- _Records for the task_
================

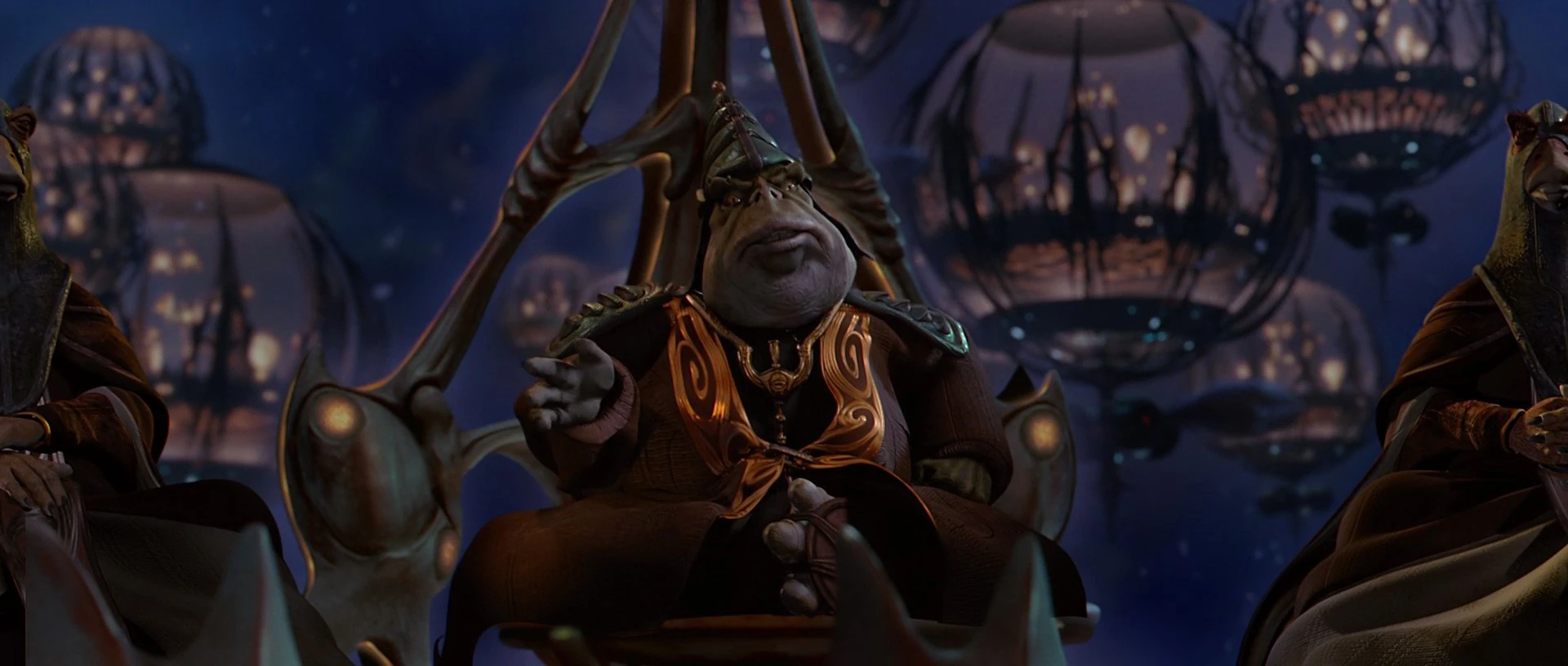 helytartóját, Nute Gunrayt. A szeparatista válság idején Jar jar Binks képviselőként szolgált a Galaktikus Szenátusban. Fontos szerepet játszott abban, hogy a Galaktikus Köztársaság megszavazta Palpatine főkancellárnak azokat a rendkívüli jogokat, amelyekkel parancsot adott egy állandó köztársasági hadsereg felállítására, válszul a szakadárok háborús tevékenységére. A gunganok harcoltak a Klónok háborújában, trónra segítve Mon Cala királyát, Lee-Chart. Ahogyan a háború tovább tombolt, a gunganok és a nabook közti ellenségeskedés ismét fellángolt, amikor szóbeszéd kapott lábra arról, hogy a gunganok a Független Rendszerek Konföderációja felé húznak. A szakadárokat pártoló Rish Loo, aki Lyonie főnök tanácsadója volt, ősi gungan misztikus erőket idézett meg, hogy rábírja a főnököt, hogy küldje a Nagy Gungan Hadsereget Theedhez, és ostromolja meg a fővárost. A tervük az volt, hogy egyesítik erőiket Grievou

================

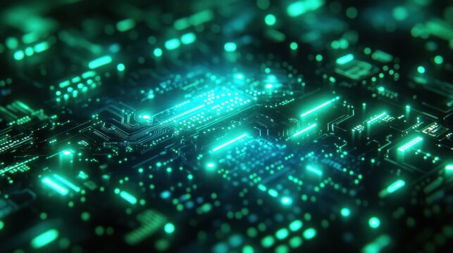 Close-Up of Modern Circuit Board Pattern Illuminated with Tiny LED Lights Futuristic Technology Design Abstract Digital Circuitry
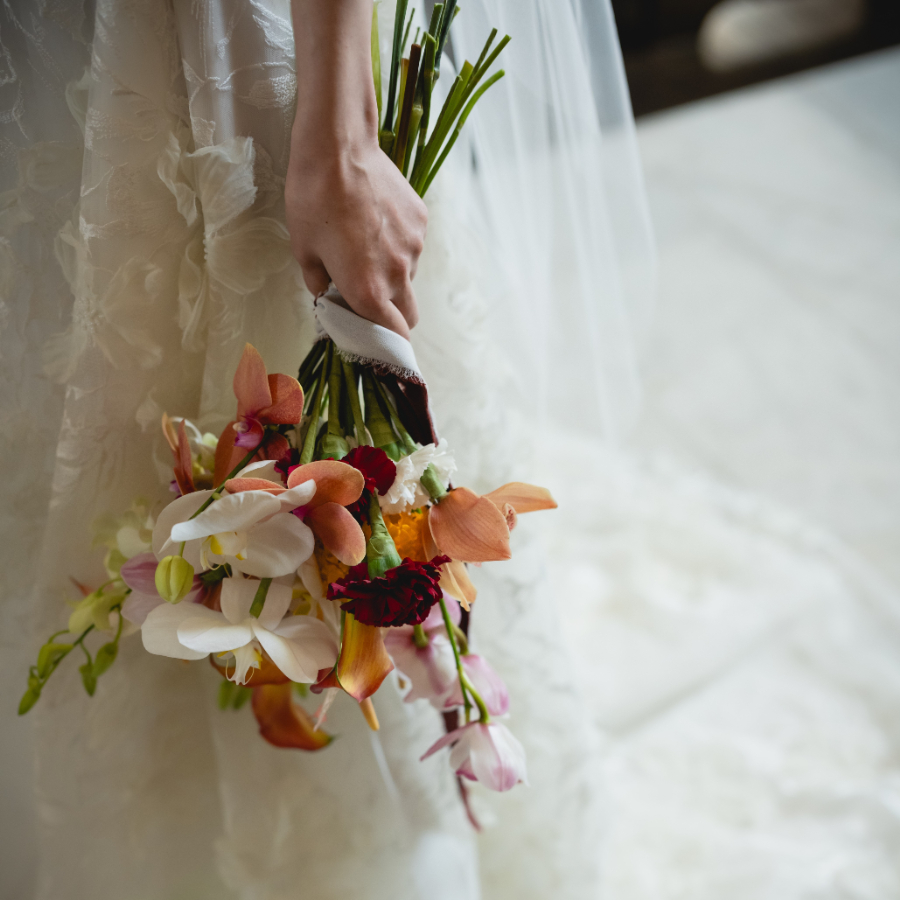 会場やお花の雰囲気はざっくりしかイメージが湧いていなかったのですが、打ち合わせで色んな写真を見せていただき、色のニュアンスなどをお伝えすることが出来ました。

================

- _To do_
Nothing but the lines from the one with "Close-Up of Modern" to the one with "会場やお花の雰囲気はざっくり" above, both included, should be transcribed, exactly and without pictures.

- _Response to the exercise_
 Close-Up of Modern Circuit Board Pattern Illuminated with Tiny LED Lights Futuristic Technology Design Abstract Digital Circuitry
 会場やお花の雰囲気はざっくりしかイメージが湧いていなかったのですが、打ち合わせで色んな写真を見せていただき、色のニュアンスなどをお伝えすることが出来ました。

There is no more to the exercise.